Quantitative In vitro Assay to Measure Neutrophil Adhesion to Activated Primary Human Microvascular Endothelial Cells under Static Conditions
Summary
Neutrophil adherence to the activated endothelium at sites of infection is an integral component of the host’s inflammatory response. Described in this report is a neutrophil binding assay that allows for the in vitro quantitation of primary human neutrophil binding to endothelial cells activated by inflammatory mediators under static conditions.
Abstract
The vascular endothelium plays an integral part in the inflammatory response. During the acute phase of inflammation, endothelial cells (ECs) are activated by host mediators or directly by conserved microbial components or host-derived danger molecules. Activated ECs express cytokines, chemokines and adhesion molecules that mobilize, activate and retain leukocytes at the site of infection or injury. Neutrophils are the first leukocytes to arrive, and adhere to the endothelium through a variety of adhesion molecules present on the surfaces of both cells. The main functions of neutrophils are to directly eliminate microbial threats, promote the recruitment of other leukocytes through the release of additional factors, and initiate wound repair. Therefore, their recruitment and attachment to the endothelium is a critical step in the initiation of the inflammatory response. In this report, we describe an in vitro neutrophil adhesion assay using calcein AM-labeled primary human neutrophils to quantitate the extent of microvascular endothelial cell activation under static conditions. This method has the additional advantage that the same samples quantitated by fluorescence spectrophotometry can also be visualized directly using fluorescence microscopy for a more qualitative assessment of neutrophil binding.
Introduction
Since the vascular endothelium is in direct contact with the circulating blood, it is uniquely situated to initiate a rapid inflammatory response during infection or injury. Endothelial cells (ECs) express pattern recognition receptors that recognize a variety of conserved bacterial components and danger molecules, and receptors for host inflammatory mediators such as TNFα. Activation of these receptors induces ECs to secrete cytokines (e.g. IL-6, IL-8, CXCL1 and CCL2), and to upregulate adhesion molecules (e.g. E/P-selectin, VCAM-1 and ICAM-1) at their cell surface 1,2. These molecules all facilitate the localization of leukocytes to sites of infection and injury in order to clear the host of the infectious agents and initiate tissue repair 3,4.The neutrophil response to infection involves a well-coordinated interplay between the vascular endothelium and the responding neutrophils. Upon EC activation, IL-8 is secreted and forms an intravascular gradient on the endothelium that allows neutrophils to home in to the site of infection or injury 5,6. E/P-selectins mediate neutrophil capture and rolling through relatively weak associations with glycomolecules on the neutrophil cell surface. These interactions, along with IL-8 binding to its cognate receptors, facilitate the robust, integrin-mediated attachment and eventual arrest of neutrophils on the endothelial cell surface 7-10. After arrest, neutrophils can migrate out of the vasculature to the specific sites of infection to directly eliminate pathogens, generate neutrophil extracellular traps to prevent the spread of pathogens, promote wound healing and release additional factors that recruit other leukocytes such as monocytes, macrophages and dendritic cells 11-17.

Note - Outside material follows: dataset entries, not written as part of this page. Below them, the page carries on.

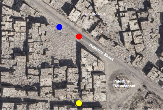 النقطة الزرقاء: تمثّل المكان الذي كان يقف فيه غالبًا الرجل الملثّم المعروف أيضًا باسم محمود س.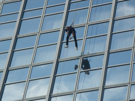 nennt sich das. An der Außenseite der Spiegelflächenfassade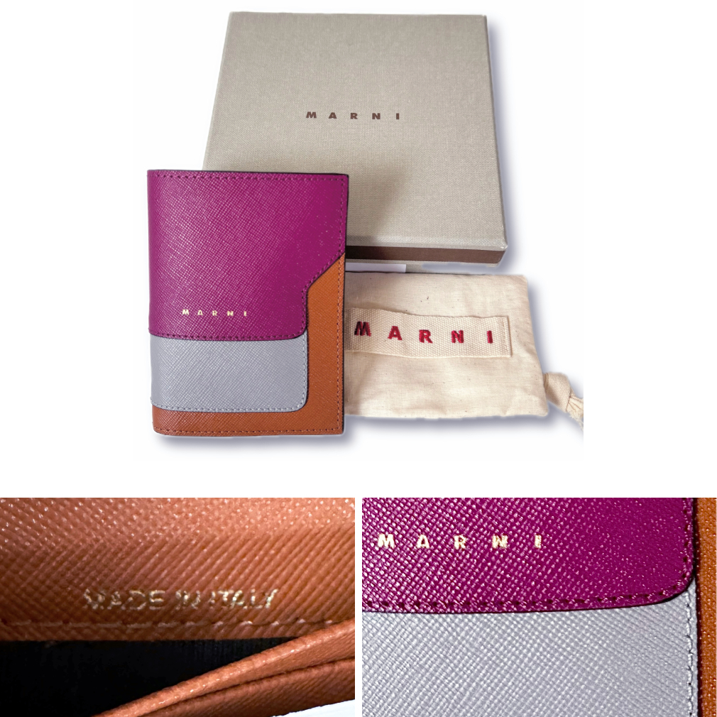 | MARNIらしい個性的なカラーリングで洗練されたデザインの二つ折り財布。機能性も充実しており、コンパクトながらも使いやすさと収納力を両立しています。 |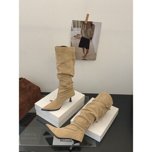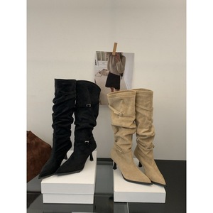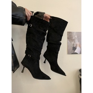 2025新款秋冬法式长筒靴女细高跟鞋冬季配大衣高筒长靴美拉德靴子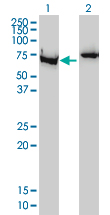 Western Blot analysis of XRCC6 expression in transfected 293T cell line by G22P1 monoclonal antibody (M01), clone 4C2-1A6.Lane 1: XRCC6 transfected lysate(70 KDa).Lane 2: Non-transfected lysate. |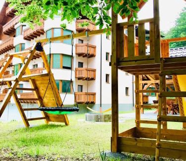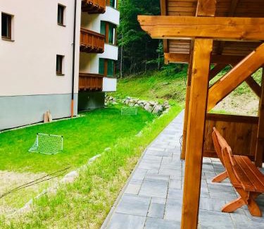 Providing a garden, Apartmán 16 Romantika Chopok Juh Tále provides accommodations in Tale. This property offers access to a balcony, free private parking, and free Wifi. On clear days, guests can head outside to enjoy the apartment's outdoor fireplace or simply kick back and relax. Offering a terrace and mountain views, the spacious apartment includes 2 bedrooms, a living room, satellite flat-screen TV, an equipped kitchen, and 1 bathroom with a walk-in shower. Towels and bed linen are featured in the apartment. For added privacy, the accommodation has a private entrance and soundproofing. Guests may eat at the on-site family-friendly restaurant, which is open for dinner, lunch, brunch, and cocktails. For guests with children, the apartment offers outdoor play equipment. Skiing and cycling can be enjoyed nearby, while ski-to-door access and ski storage space are also available on-site. Chopok mountain is 5 miles from Apartmán 16 Romantika Chopok Juh Tále. Poprad-Tatry Airport is 52 miles away.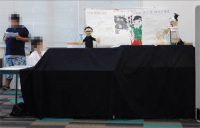 人形劇本番の写真です。タイトルは「ひきこもりたちの本音」です。ひきこもり経験者3名が作成した、完全オリジナルでの公演でした。

Described in this report is an in vitro method to quantitate neutrophil adherence to microvascular ECs after activation by the host inflammatory mediator TNFα. This assay is designed to assess the activation of ECs, and not neutrophils. Primary human neutrophils are first isolated using density gradient separation, and are then labeled with calcein acetoxymethyl (AM). Esterases within the live cells hydrolyze calcein AM to the highly fluorescent calcein molecule with an excitation of 492-495 nm and emission of 513-516 nm 18. The fluorescently-labeled neutrophils are then incubated with EC monolayers, and non-adherent neutrophils are subsequently removed. The fluorescence of the remaining, bound neutrophils is then measured using a fluorescence spectrophotometer, and calculated as a percent of total neutrophil fluorescence input per well. This method has the additional advantage that the bound calcein-labeled neutrophils used in spectrophotometry can be directly visualized using fluorescence microscopy to give a more qualitative read out of EC activation. Since this assay is performed under static conditions, only the very initial events that occur in the neutrophil adhesion cascade will be assessed. This is confirmed in this report using E-selectin blocking antibodies to show that neutrophil adherence to TNFα-treated human lung microvascular EC (HMVEC-Lung) monolayers is drastically reduced when the interaction with E-selectin is disrupted.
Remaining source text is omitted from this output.